SP 8

The role of anti-apoptotic Bcl-2 proteins for colorectal cancer development and progression

The capability to evade apoptosis and other types of cell death is considered to be one of the hallmarks of cancer development. In colorectal cancer, disruption of apoptosis signaling is frequently detected. Moreover, anti-apoptotic signaling contributes to resistance of cancer cells towards treatment, such as chemo- or radiotherapy.

The focus of the subproject, which is ongoing since 2012, is to analyze the role of anti-apoptotic Bcl-2 proteins for the development, progression and metastases of colorectal cancer. Bcl-2 proteins are mainly known due to their pivotal role in the regulation of the mitochondrial death pathway. Besides their effects on mitochondrial activation, they also regulate cell cycle and proliferation. In colorectal cancer, changes in the expression levels of Bcl-2 proteins have been described. However, only little is known about their pathophysiological role in cancer progression and for the individual outcome of cancer patients.

We investigate expression patterns of anti-apoptotic Bcl-2 proteins and their prognostic value in human colorectal cancer tissue samples including circulating tumor cells. Primary tumors as well as lymph node and liver metastases are analysed to map Bcl-2 protein expression in tumor samples. In addition, microRNA profiling in sera and tissue samples of colorectal cancer patients should help to identify miRNAs relevant for the regulation of Bcl-2 proteins.

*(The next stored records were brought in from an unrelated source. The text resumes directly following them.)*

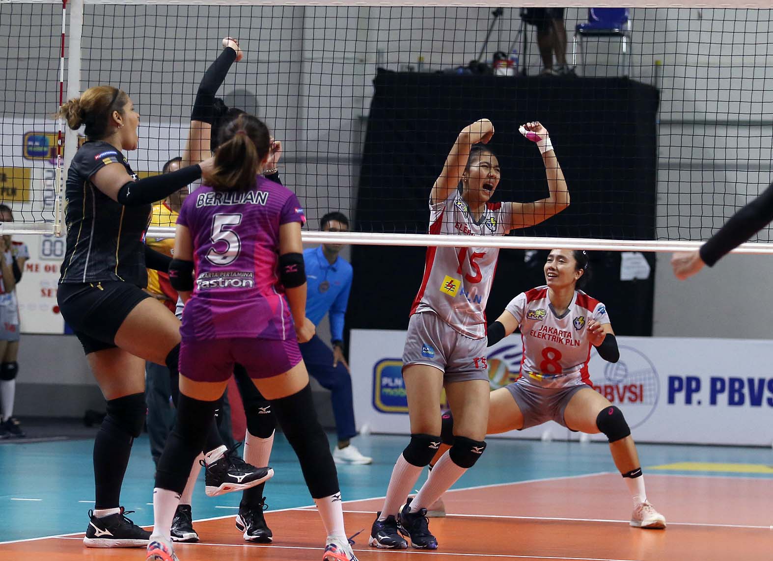 Tim bola voli putri Jakarta Pertamina Fastron berhasil menang atas Jakarta Elektrik PLN dengan skor 3-1 pada pertandingan Proliga 2022 putaran pertama yang berlangsung di GOR Padepokan Voli Jenderal Polisi Kunarto, Sentul, Minggu (16/1/2022). (Foto : Erly Bahtiar/Sportsmoment.id)
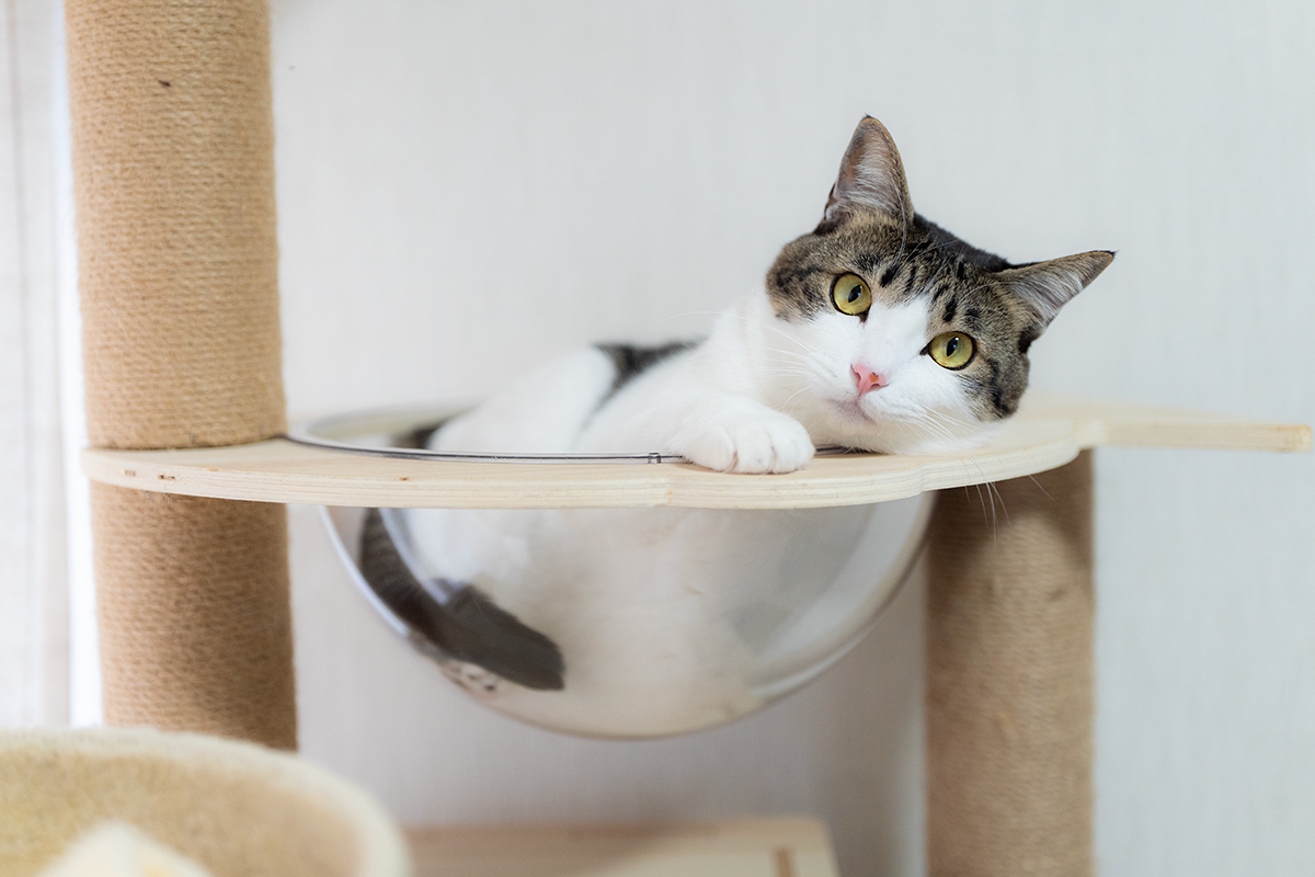 猫は高い場所が好きなので、窓際にキャットタワーがあるだけで自然とそこでくつろぐようになります。
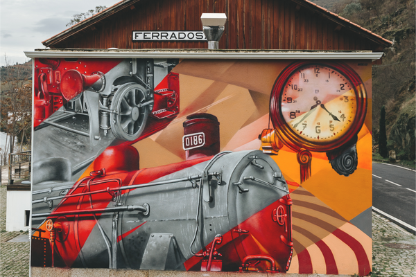 Mural inspirado na antiga locomotiva a vapor que outrora percorreu as margens do Douro, simbolizando o ritmo do tempo e a ...Comboio do Tempo
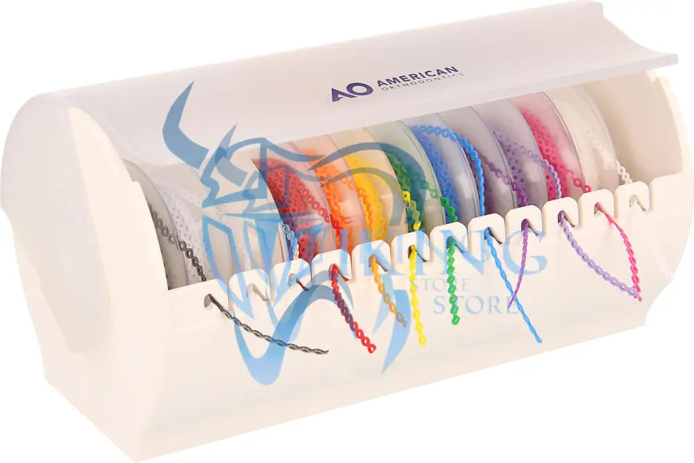 - مواد من الدرجة الطبية: تم تصنيع سلاسل الألوان باستخدام مادة البولي يوريثين الطبية ذات الألوان الثابتة لضمان المتانة والوظيفة المحسنة والحفاظ على اللون. باستخدام هذه المواد الاستثنائية، تنتج شركة تقويم الأسنان الأمريكية سلاسل تحافظ على اللون لفترة أطول ومقاومة للبقع.
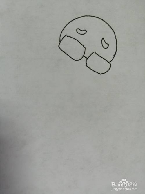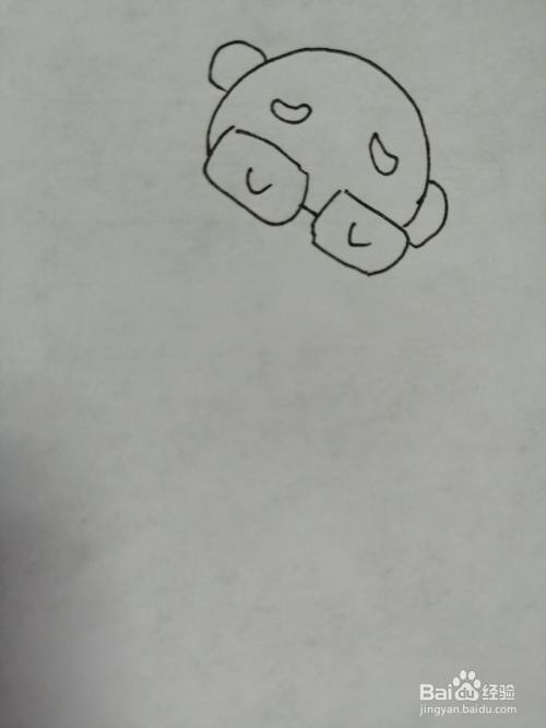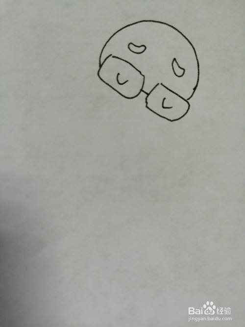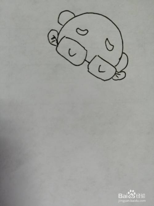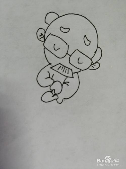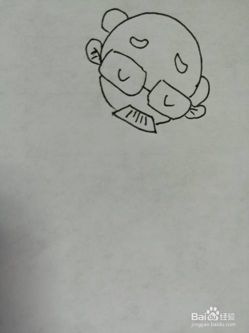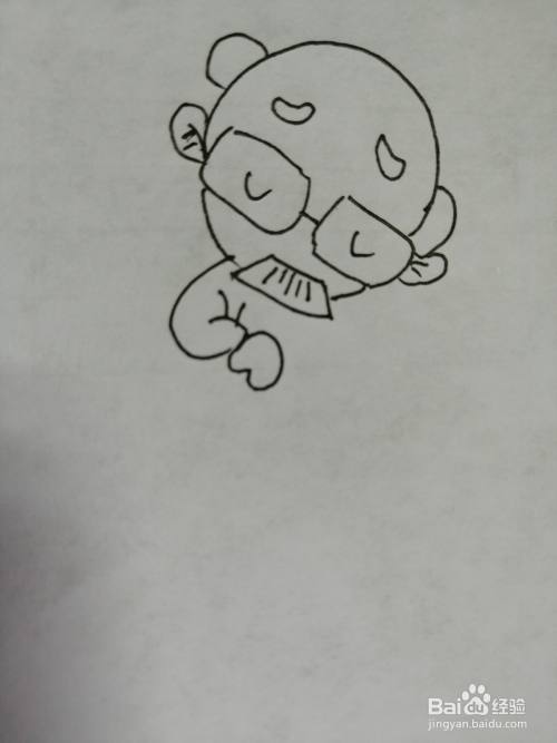 第二步,接着在老爷爷的头部里面画出弯弯眉毛和一个眼镜。

Moreover, we investigate invasion and metastases of human colorectal cancer cell lines in vitro and in vivo in xenograft models after manipulation of anti-apoptotic Bcl-2 proteins.

In previous studies, we have shown a more complex picture of anti-apoptotic Bcl-2 proteins in carcinogenesis. We have shown that a knockout of Mcl-1 in the murine liver on the one hand triggers apoptosis and liver injury, but on the other hand results in increased proliferation of liver cells and the spontaneous development of hepatocellular carcinoma. In this project, we aim to analyze colorectal cancer development and progression in intestine-specific, Bcl-2 knockout mouse models.

In conclusion, the project aims to specify the role of anti-apoptotic Bcl-2 proteins in the development and progression of colorectal cancer. This may help to identify new targets for the treatment of colorectal cancer patients.

Team SP8, from the left to the right: Dr. med. B. Ch. Köhler, Prof. Dr. med. H. Schulze-Bergkamen, L. Wolpert, Dr. rer. physiol. T. Urbanik, Ch. Elßner, M.Sc., St. Lorenz, A.-L. Scherr, M.Sc., N. Kautz

Project-related key publications:

Weber A, Boger RJ, Vick B, Urbanik T, Haybaeck J, Zoller S, Teufel A, Krammer PH, Opferman JT, Galle PR, Heikenwalder M, Schuchmann M & Schulze-Bergkamen H. Hepatocyte-specific deletion of the anti-apoptotic protein Mcl-1 triggers proliferation and hepatocarcinogenesis in mice. Hepatology 2010 Apr;51(4):1226-36. Editorial: Jost PJ & Kaufmann T. Cancer caused by too much apoptosis – an intriguing contradiction? Hepatology 2010 Apr;51(4):1110-12.

Vick B, Weber A, Urbanik T, Krammer PH, Opferman JT, Schuchmann M, Galle PR & Schulze-Bergkamen H. Knock-out of Myeloid cell leukaemia-1 induces liver damage and increases apoptosis susceptibility of murine hepatocytes. Hepatology 2009 Feb;49(2):627-36.

Schulze-Bergkamen H, Ehrenberg R, Hickmann L, Vick B, Urbanik T, Schimanski CC, Berger MR, Schad A, Weber A, Heeger S, Galle PR & Moehler M. Bcl-x(L) and Myeloid cell leukaemia-1 contribute to apoptosis resistance of colorectal cancer cells. World Journal of Gastroenterology 2008 Jun 28;14(24):3829-40.

Schulze-Bergkamen H, Fleischer B ,Schuchmann M, Weber A, Weinmann A, Krammer PH & Galle PR. Suppression of Mcl-1 via RNA interference sensitizes human hepatocellular carcinoma cells towards apoptosis induction. BMC Cancer 2006 Oct 2;6:232.

Fleischer B*, Schulze-Bergkamen H*, Schuchmann M, Weber A, Biesterfeld S, Müller M, Krammer PH & Galle PR. Mcl-1 is an anti-apoptotic factor for human hepatocellular carcinoma. Int J Oncol 2006 Jan;28(1):25-32. *Equal Contribution.